Home >> Vaginal Repair
Vaginal repair
Sometimes a condition known as a vaginal prolapse may occur whereby one organ surrounding the vagina may descend into the vaginal canal. This may happen after childbirth, as we age, or after a hysterectomy if the ligaments and muscles that support the pelvic structure become weak and are stretched. In some cases, a prolapse of one type may cause another because the muscles and ligaments of the pelvic floor are interconnected and supportive of each other. If this happens, a procedure known as a vaginal repair is required to tighten up the ligaments and correct the problem.
A vaginal repair is usually done under general anesthetic although some patients may opt to have a spinal or epidural anesthetic instead. The options available to you will depend on the doctor doing the surgery and the recommendations of the anesthesiologist. Often a local anesthetic will be injected into the procedure site to aid with pain control once the operation is completed and the patient regains consciousness. This procedure may be done on an out-patient basis and patients will be allowed to go home as long as their vitals are stable and the nursing staff or doctor feels confident the patient will be all right at home. Depending on the patientís medical condition, the complexity of the procedure performed, or other individual circumstances, an overnight stay may be required.

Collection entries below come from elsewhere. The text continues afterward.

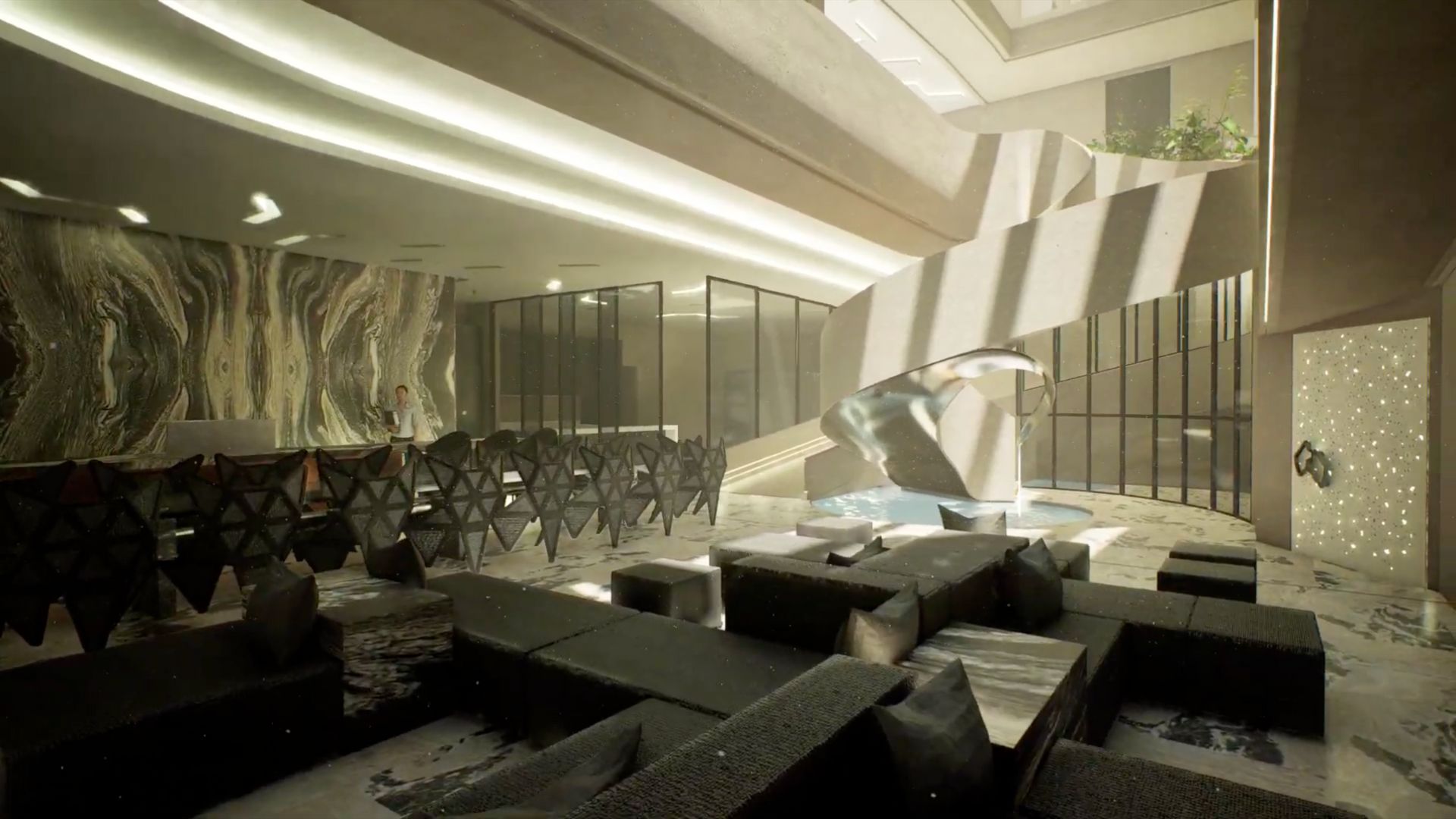 The integration of natural materials, dynamic forms, and immersive storytelling reflects Calma’s ability to create spaces that are both forward-thinking and rooted in heritage.
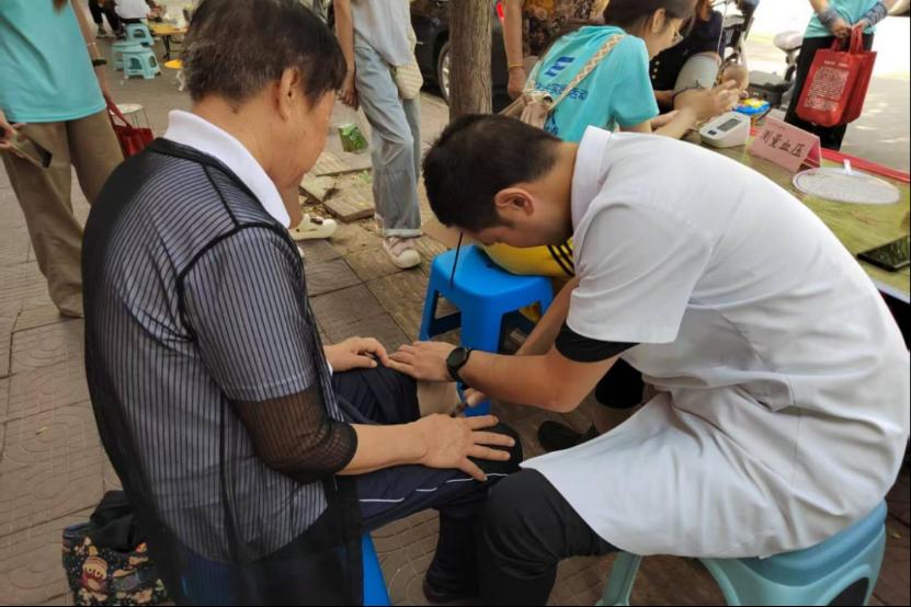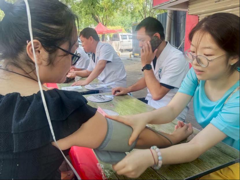 8月21日清晨,团队与河津市中医院医护组成义诊队,前往距离市区11公里的海华南园。义诊持续到中午,团队共服务村民120余人次,发放健康手册200余份。
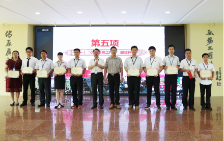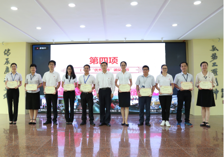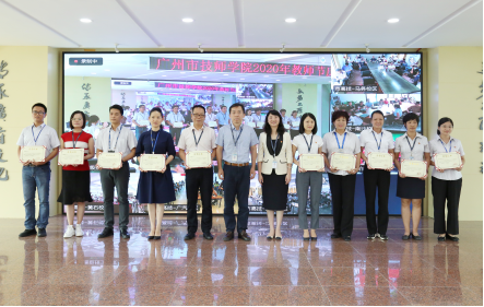 ▲詹益全副院长(右六)、李立文副院长(左六)为“十佳”教育工作者颁奖
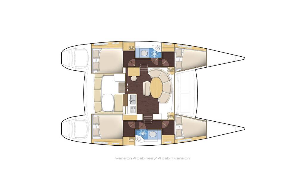 Diese Yacht Lagoon 380 (Katamaran - Baujahr 2019) liegt in der Martinique, Le Marin, Martinique, Karibik. Sie verfügt über 4 Kabinen, bietet Ihnen Platz für 10 Personen und hat 2 WC.
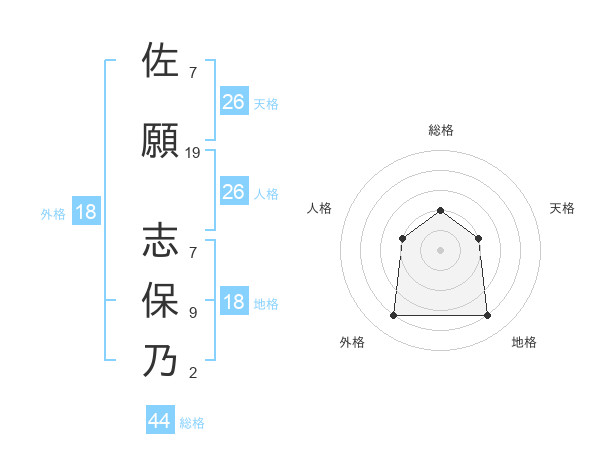 佐願 志保乃さんを姓名の画数から五運を鑑定
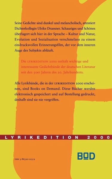 Seine Gedichte sind dunkel und melancholisch, attestiert Dichterkollegin Ulrike Draesner. Schauriges und Schönes überlagert sich hier in der Sprache - Kultur und Natur, Evolution und Sozialisation verschmelzen zu einem eindrucksvollen Erinnerungsfilm, der vor dem inneren Auge des Subjekts abläuft.
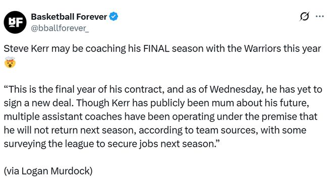 曝科尔下赛季可能离开勇士!合同年仍未续约助教已经开始找工作
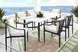 Harlowe Black 7 Pc Outdoor Rectangle Dining Set With White Cushions
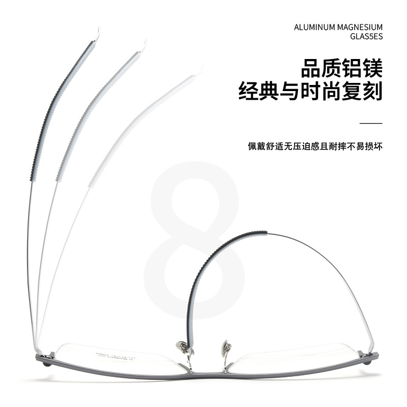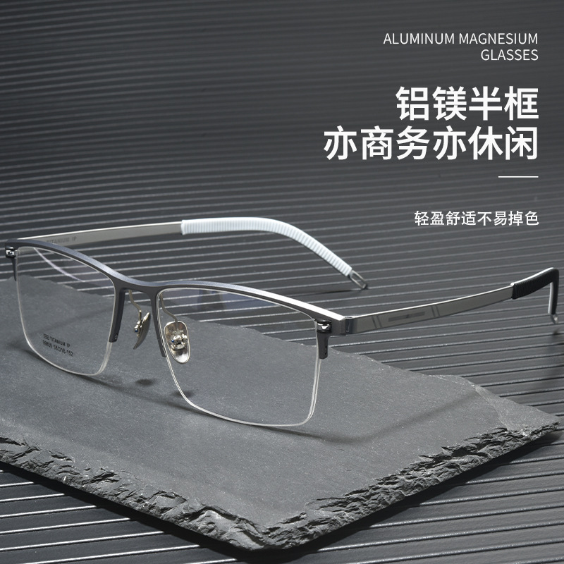 超轻合金半框商务休闲近视眼镜专业网上配镜近视可配度数防蓝光男

Once the patient is released from the hospital, it is important that she avoid lifting, stretching, or strain on the abdominal muscles and ligaments in order to prevent the tearing of stitches or sutures used to do the vaginal repair. Some discomfort may be felt when standing up from a chair or getting out of a car but this will gradually decrease as the tissues heal and get stronger. Some vaginal bleeding or discharge may be experienced for the first two weeks or so, but again, this will abate as the stitches dissolve and the tissues knit together. In most cases, the success rate of a vaginal repair is excellent as long as the patient uses caution and follows the instructions of her doctor. The recovery time involved varies from patient to patient, but many may resume most normal activities in about 10-14 days. Sexual intercourse should be avoided for about six weeks and tampons should not be used for about the same period of time. A follow-up appointment with the doctor is usually scheduled for two weeks after the procedure and again after six weeks during which time patients may discuss the progress of their recovery and have any questions regarding the resumption of normal activity answered.